Sunday, October 21, 2018

I'm Back!

Back to reality.  *sigh*  Last week was exactly what I needed.  It was cold, colder than
anyone anticipated, and so windy that the leaves were flying by the window sideways.  Luckily I took along my winter coat, hat, and mitts AND warm clothes.  I wore it all, fuzzy leggings, flannel dresses, waffle-weave shirts, hand-knit wool socks (mismatched, of course) and all.  Yesterday I drove through rain, sleet, snow, a whiteout, sleet, and rain--all within 80 miles.  Fortunately the roads were warm enough that the snow only stuck to the grass and the roads just got wet.  The people I felt the sorriest for (not that I didn't feel sorry for myself driving in horizontal snow in October) were the brave souls running the Fall 50 mile race from Gills Rock to Sturgeon Bay.  Ack.  The poor devils.  For the first 10-15 miles the runners were intermittently on the shoulder of the roads and they looked bedraggled, frozen, and determined.  I wouldn't be at all surprised if a portion of them got pneumonia.  Oh, and I wasn't thinking and drove over the tallest bridge over the river on my way home, the bridge that's high enough for freighters to pass under, and was hit by a wind gust and nearly pushed into the guardrail.  Good thing it occurred to me as I drove up onto the thing that I needed to be aware and have my hands firmly on the wheel just in case.  Don't worry, I wouldn't have gone over but my car would have been thoroughly crunched being driven into the concrete by the wind.




This morning's sky pinked up nicely and the sun tried its best to peek out between clouds all day.




I spent an hour this afternoon uprooting all of the annuals that were thriving when I left and had been killed by frost before I got home.  There's nothing more cheerful that driving up to your house on a cloudy, windy, rainy day to find a row of pots sporting blackened and dead coleus.  Welcome home!  Cleaning out the pots and moving them against the house let the mums shine.  Now that a bunch of them are blooming I think the purple ones look fine.  I'd still rather have had the bronze and cranberry ones instead but flowers are flowers.

Look at what I found in back when I was cutting the dead and dying fern fronds, bleeding hearts, and peonies.  It's a honeysuckle flower or cluster of flowers.  There's one dark red snapdragon flower out there too.  Party on, flowers!  The best part of driving all of the leaves and plants to the yard waste was that I also trimmed back the mints so that they could hunker down between the bales and the timbers so my car smells great, minty and earthy.  Mmm.

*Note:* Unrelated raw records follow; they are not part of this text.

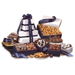 This tower is the perfect gift for every "chocolate lover" on your list, and who isn't? The elegant pillow-top boxes create a tower worthy of its "Park Avenue" designation. As beautiful as the tower is, it's what's inside that makes it truly spectacular-Deluxe Mixed Nuts, Cocoa Dusted Truffles, Chocolate Covered Pretzels and more. We foil-stamp your logo in white on navy ribbon. Your customers and employees will be thrilled to receive this gift. Tower measures 7.375" x 7.375" x 9". Minimum order 8.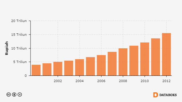Nilai PDB Harga Berlaku Sektor Perdagangan, Hotel dan Restoran di Kota Semarang, Jawa Tengah 2000 - 2012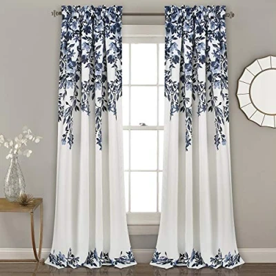 Lush Decor Tanisha Curtains Light Filtering Window Panel Set, Pair Floral Vine Print, Beautiful, Modern, Elegant Home 52" W x 84" L, Navy & White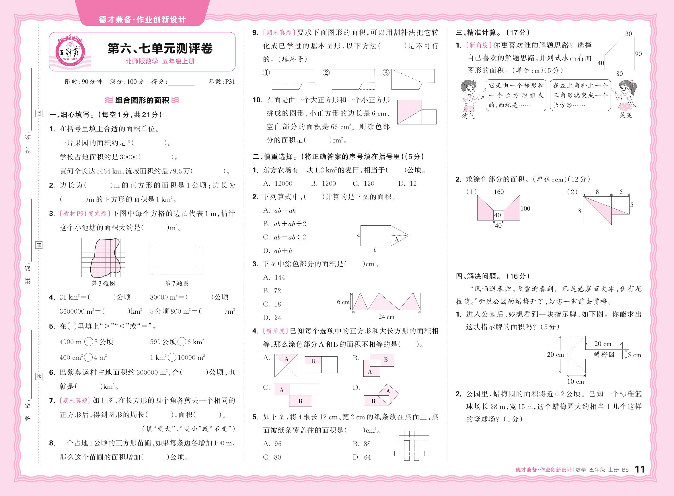 2024秋上册五年级数学北师版 第六、七单元测评卷
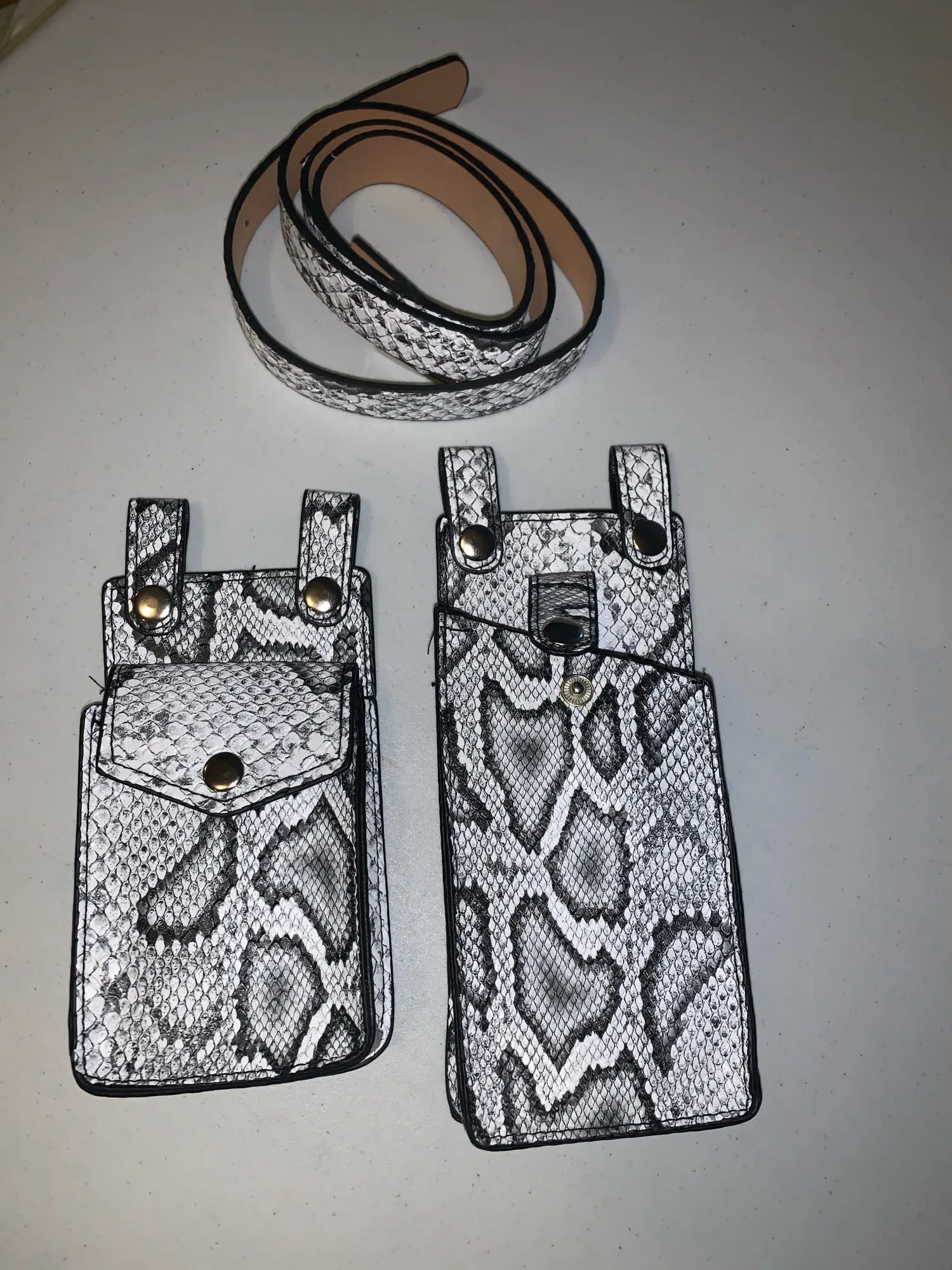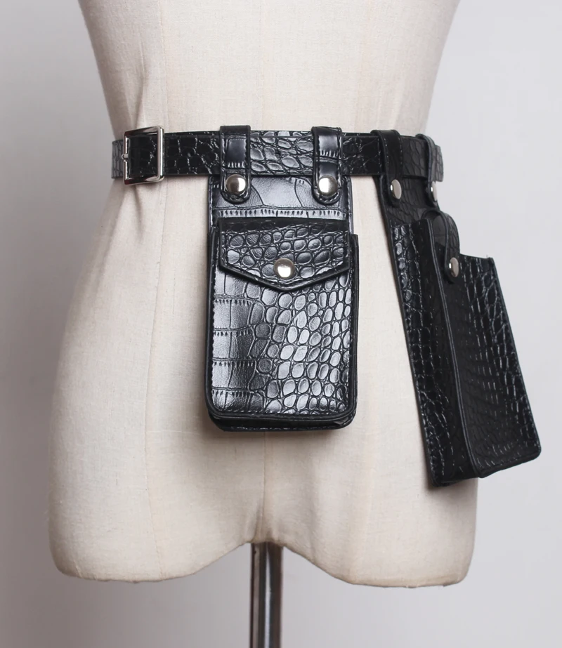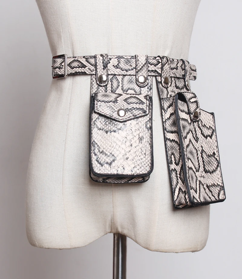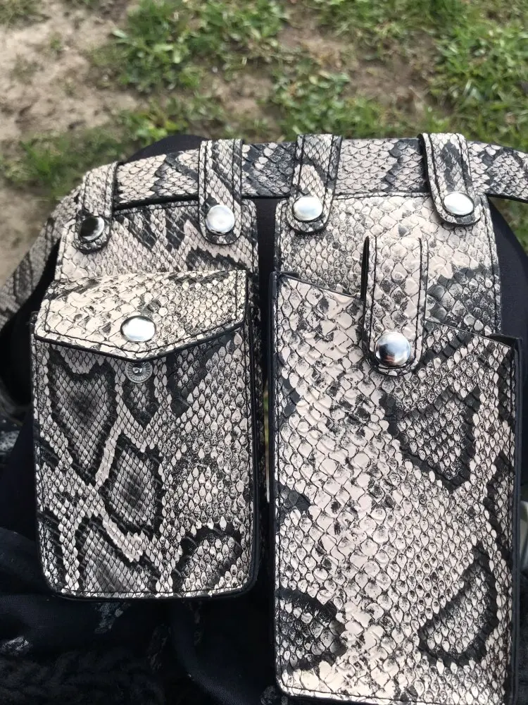 Женская поясная сумка с двумя карманами, Дизайнерская кожаная сумочка для телефона, забавная женская черная сумка из Искусственной Змеиной Кожи на ремне

Yesterday I didn't hurry home.  I realized as I was loading the car that for the first time in... forever I didn't have to be home so even though the weather was rainy, sleety, snowy, and just plain rotten I doodled around from village to village along the bay shore, from store to store.  I stopped for some good olive oil and fig balsamic vinegar at Curt's Oilerie in Fish Creek and went across the parking lot to the Peninsula Bookman for a copy of LaVyrle Spencer's one Door County title, Bitter Sweet.  (that's for you, cda)  Then I went down a few blocks to Beach People and Lake People.  In the last store I overheard the lady say that there was an alpaca store around the corner so I had to investigate (of course, I did).  It's from a farm (ranch?) in Luxemburg which is about 20 miles north of Green Bay.  Never heard of it.  Most of the wares in the tiny store were garments, socks, etc. made from their fleece by Peruvian knitters but they did have a few baskets of yarn.  So I bought some (you knew I would, right?), but only these 2 skeins.  I thought I'd knit a white hat and use the burgundy as an accent color.  I feel I've matured because I gave thought to what I'd make before I just snatched the stuff up.  Progress.

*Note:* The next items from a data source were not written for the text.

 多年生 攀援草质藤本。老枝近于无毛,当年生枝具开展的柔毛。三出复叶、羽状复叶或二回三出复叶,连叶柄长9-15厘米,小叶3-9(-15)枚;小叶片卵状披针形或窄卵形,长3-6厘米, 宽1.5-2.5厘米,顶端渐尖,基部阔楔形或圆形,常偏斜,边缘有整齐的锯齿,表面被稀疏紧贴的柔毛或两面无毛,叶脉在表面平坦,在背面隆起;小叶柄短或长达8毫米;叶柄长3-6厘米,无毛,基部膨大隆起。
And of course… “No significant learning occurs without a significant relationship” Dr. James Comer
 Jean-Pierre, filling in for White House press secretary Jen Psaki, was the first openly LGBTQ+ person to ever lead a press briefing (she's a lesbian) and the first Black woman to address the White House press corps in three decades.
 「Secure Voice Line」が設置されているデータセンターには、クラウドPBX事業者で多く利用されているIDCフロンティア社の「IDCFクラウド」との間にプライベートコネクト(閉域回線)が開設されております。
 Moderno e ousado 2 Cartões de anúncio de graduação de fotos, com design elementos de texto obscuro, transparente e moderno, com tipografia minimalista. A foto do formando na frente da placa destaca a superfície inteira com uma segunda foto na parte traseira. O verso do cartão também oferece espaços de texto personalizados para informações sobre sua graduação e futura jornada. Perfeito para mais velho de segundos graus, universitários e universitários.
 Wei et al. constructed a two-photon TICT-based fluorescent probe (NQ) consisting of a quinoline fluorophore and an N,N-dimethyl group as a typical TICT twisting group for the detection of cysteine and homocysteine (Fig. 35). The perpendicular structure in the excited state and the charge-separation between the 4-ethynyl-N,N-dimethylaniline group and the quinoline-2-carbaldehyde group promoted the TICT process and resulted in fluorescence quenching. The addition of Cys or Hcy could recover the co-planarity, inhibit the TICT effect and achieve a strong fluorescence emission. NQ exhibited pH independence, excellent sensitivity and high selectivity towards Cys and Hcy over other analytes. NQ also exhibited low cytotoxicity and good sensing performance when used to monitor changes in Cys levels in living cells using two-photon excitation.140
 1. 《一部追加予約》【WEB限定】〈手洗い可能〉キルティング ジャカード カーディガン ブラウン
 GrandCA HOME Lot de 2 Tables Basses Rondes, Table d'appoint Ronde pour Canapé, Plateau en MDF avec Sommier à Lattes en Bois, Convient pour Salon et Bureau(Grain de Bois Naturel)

I did waaaaay more writing than knitting last week but I did manage about an inch of sock, I cast on the first gray Appleseed Mitt (but stopped when I got to the part that needs thinking about), and last night I cast on a second Appleseed Coaster.






I did a line edit of the manuscript on Monday and then worked on a couple new scenes the rest of the week.  Not as much as I'd hoped but I like all of the words I managed to pin to the paper.  I'm happy.

I didn't write a prompt last night.  I was tired and just unpacked, watched TV, ate the wrong things for supper, and went to bed.  I'll write tomorrow, I promise.
--Barbara

1 comment:

Aunt B said...

Sounds like you're re-born. That's what a week at The Clearing is supposed to do, isn't it? Renew your spirit for the coming winter. Love all the pictures you posted of that beautiful place. But glad to see the ones from your own back yard too. Good for you for thinking about what you'd knit before you bought the alpaca yarn but even if you hadn't, you know you'd have bought some. Who could resist??? Alpaca??? Definitely!